Endo Fact of the Day – Day #13

I am one of the unlucky Endo Sisters who have been diagnosed with IBS.  The first time I was diagnosed with it was many years prior to my Endometriosis diagnosis.  IBS is often a misdiagnosis in women with Endo because both conditions present very similar symptoms.  However, I suppose it is possible for a person to have both Endometriosis and Irritable Bowel Syndrome.

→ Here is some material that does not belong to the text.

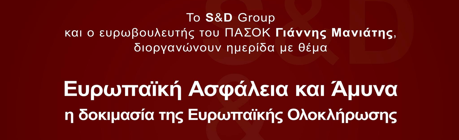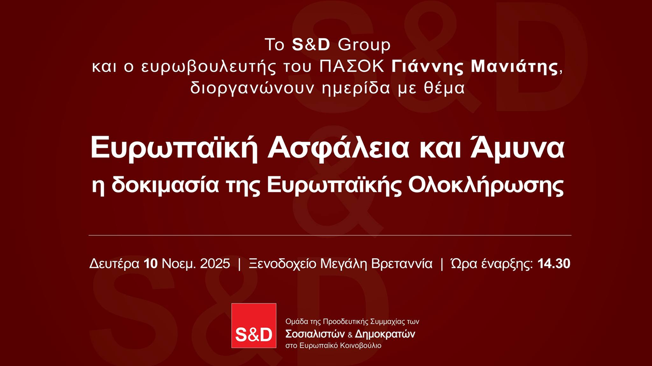 Το S&D Group και ο ευρωβουλευτής του ΠΑΣΟΚ Γιάννης Μανιάτης, διοργανώνουν ημερίδα με θέμα : «Ευρωπαϊκή Ασφάλεια και Άμυνα Η δοκιμασία της Ευρωπαϊκής Ολοκλήρωσης»

Recently, I was diagnosed with IBS again, by a different GI specialist, who is well aware of my Endometriosis and quite knowledgeable on the disease (although somewhat behind the times on treatment options).  He did acknowledge that my GI symptoms could very well be a result of possible Endometriosis on the bowel and that there is a high chance that I also have adhesions and scar tissue on my colon in addition to my other abdominal organs.  Adhesions undoubtedly cause some of the GI symptoms that mimic IBS (or cause it, depending on your way of thinking).


Whether my IBS symptoms would resolve if all of my Endometriosis lesions could be successfully and permanently removed is unknown.

I will admit that the IBS medication has helped some.  I still suffer from horrendous GI issues but the medication seems to be blocking some of the pain signals that go along with the chronic rotating bouts of constipation and diarrhea, which can be debilitating at times, and for even a small amount of partial relief, I am thankful.


I have been in the early stages of an Endometriosis flare-up all week and today I lost the fight and had to stay home sick from work, which I HATE for many reasons.  In addition to the abdominal pain and crushing fatigue, it feels like my facial pain has morphed into something like a migraine headache so I wonder if it could be responding to my hormone cycles.

I stumbled across some research that has established a link between Endometriosis and migraine headaches.  Wouldn’t that be weird if my mysterious facial pain syndrome, that has been diagnosed as so many different things, was actually migraines all along?

I need to do some more research and give the idea some thought before I decide whether or not to bring it up to my doctor.  Going down that road would likely be expensive and time consuming, complete with lots of additional tests, procedures, and medication trials and errors.  If it worked and brought answers (and more importantly – relief), it would be worth it but if not, it would bring the painful sting of another failed attempt to get better and those become a little harder to swallow each time.


All of this makes me feel the need to spread awareness for this disease and all chronic pain even stronger because we all need and deserve an actual CURE.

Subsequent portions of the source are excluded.